TCW funds easily surpassed the benchmark Barclays Aggregate, posting a first-quarter return of 1.12 percent, bringing its 12-month return to 10.37 percent. That performance stems from its bet on so-called non-agency mortgages, or residential mortgage bonds not guaranteed by the likes of Fannie Mae or Freddie Mac.

Those have gained thanks to the Fed's massive bond-buying purchases, which have helped support risk assets including non-agency mortgage-backed securities(MBS). And with the housing market recovering, managers like TCW correctly bet that there would be more profit and less risk in buying private-label MBS-backed debt.

The fund's manager, Bryan Whalen, said he expects these bonds to offer loss-adjusted returns in the 7.5 percent to 9 percent range. Last year, TCW also began shifting into floating-rate assets that had been less in demand given the Fed's intention to keep its target interest rate low through mid-2015.

For its part, the DoubleLine fund, which is also exceeding the index with a return of 1.27 percent during the first quarter, has used a combination of government-guaranteed securities, mainly agency MBS and some Treasuries, and credit securities, mainly private-label, residential mortgage-backed securities with some commercial MBS. DoubleLine's 12-month return is now 7.37 percent, as of the end of March.

When corporate credit and equity prices have fallen, be it due to macro risks such as European debt crisis, heightened fears of economic weakness in the U.S., or worries over budget deficit issues, U.S. government-guaranteed issues such as agency MBS and Treasuries have rallied.

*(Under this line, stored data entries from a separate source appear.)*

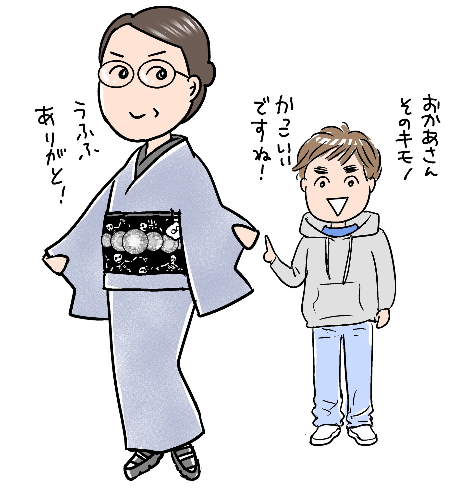 私自身の体験談ですが、50代半ばのころ「おかあさん」と呼ばれたことがありました。デザインフェスタで絵や小物を売っていた時の話です。大学生くらいの若いお客さんが私を見て「おかあさん、その着物、かっこいいですね」と言ってくれたのです。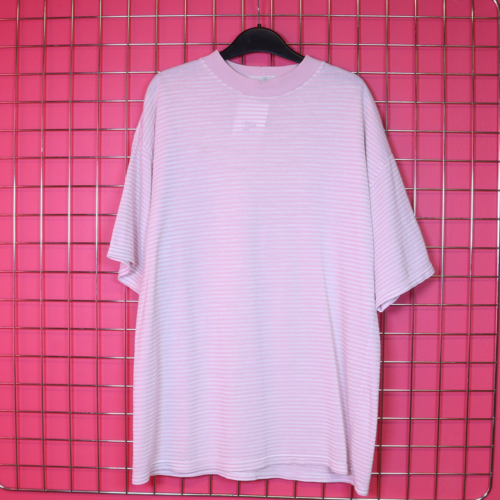 Classic Boys -merkkinen huikea, raidallinen T-paita 80-luvulta. Valmistettu Tanskassa. Raitakuosissa valkoista ja vaaleanpunaista, valkoinen kuultaa hieman läpi. Pääntiellä vaaleanpunaista joustinneulosta. Pientä nukkaa pinnassa, mutta muutoin täysin käyttökelpoinen raitateeppari unisex-käyttöön.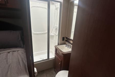 Large bathroom with shower, A/C, generator, TV, outdoor carpet, electric awning, propane BBQ, outdoor table, and four folding chairs!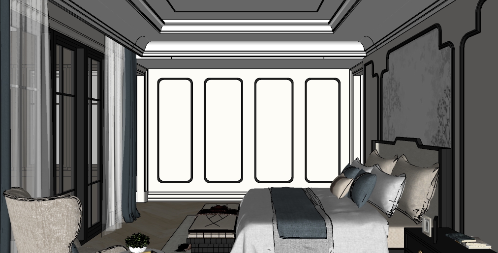 render senyata mungkin tanpa merubah material desain dan warna cat dinding putih warna lis panel klasiknya hitam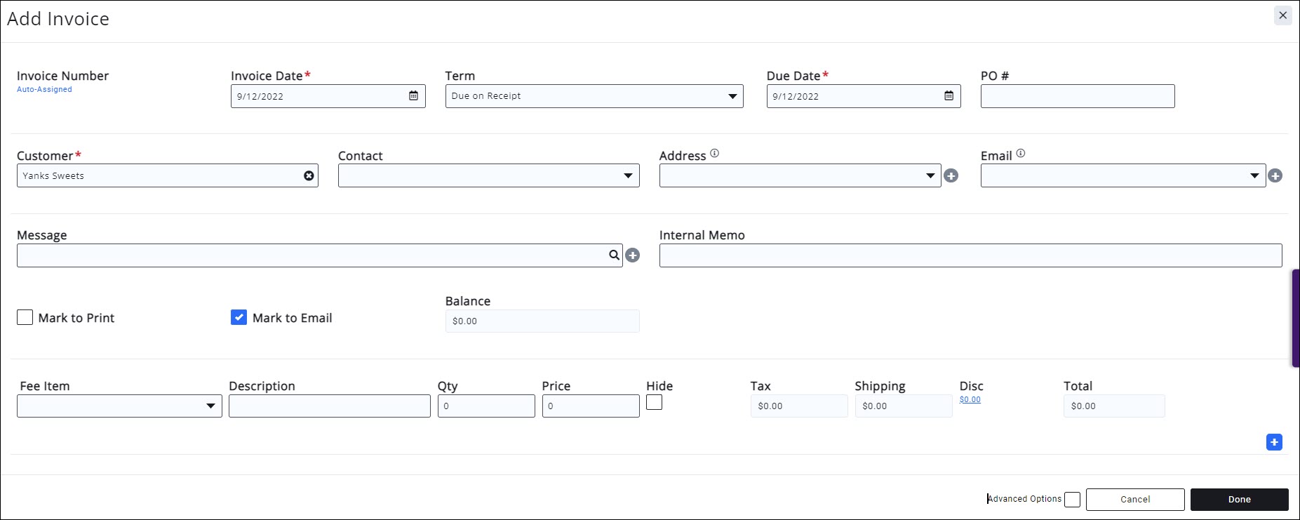 - Click Done. The invoice is now created.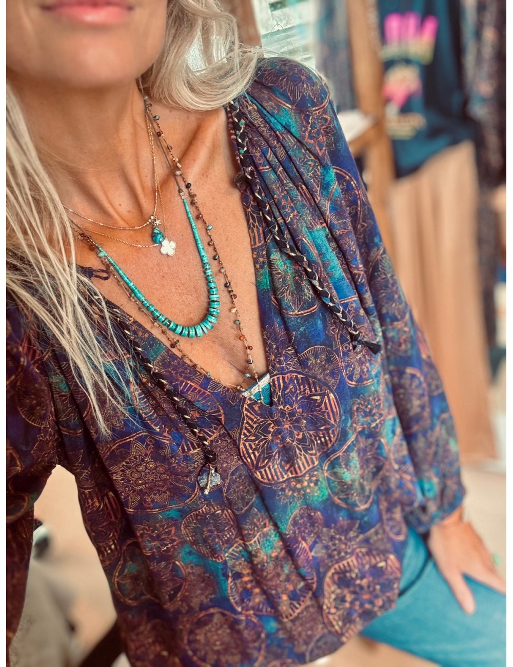 - Blouse fluide en voile imprimé exclusif *Mandala*

Conversely, when credit prices rally because of growing confidence in the economy, non-agency MBS and commercial MBS participate in the gains. The fund's low duration and healthy yield also buffers the overall portfolio from swings or volatility in prevailing interest rates.

The PIMCO Total Return Fund, run by PIMCO founder and co-chief investment officer Bill Gross, is also outperforming its benchmark.

The fund has gained 0.60 percent so far this year, as of March 31, outperforming the Barclays Aggregate, and for the full year, the PIMCO portfolio's 12-month return of 7.92 percent is easily beating the one-year return of the Barclays index at 3.77 percent.

Gross's Total Return Fund has been overweight in some credits such as non-U.S. developed markets and emerging markets. He has also shortened the fund's duration thereby reducing the portfolio's risk to rising interest rates. As of February 28, the fund's effective duration stood at 4.54 years, down from 4.77 years at the end of last year.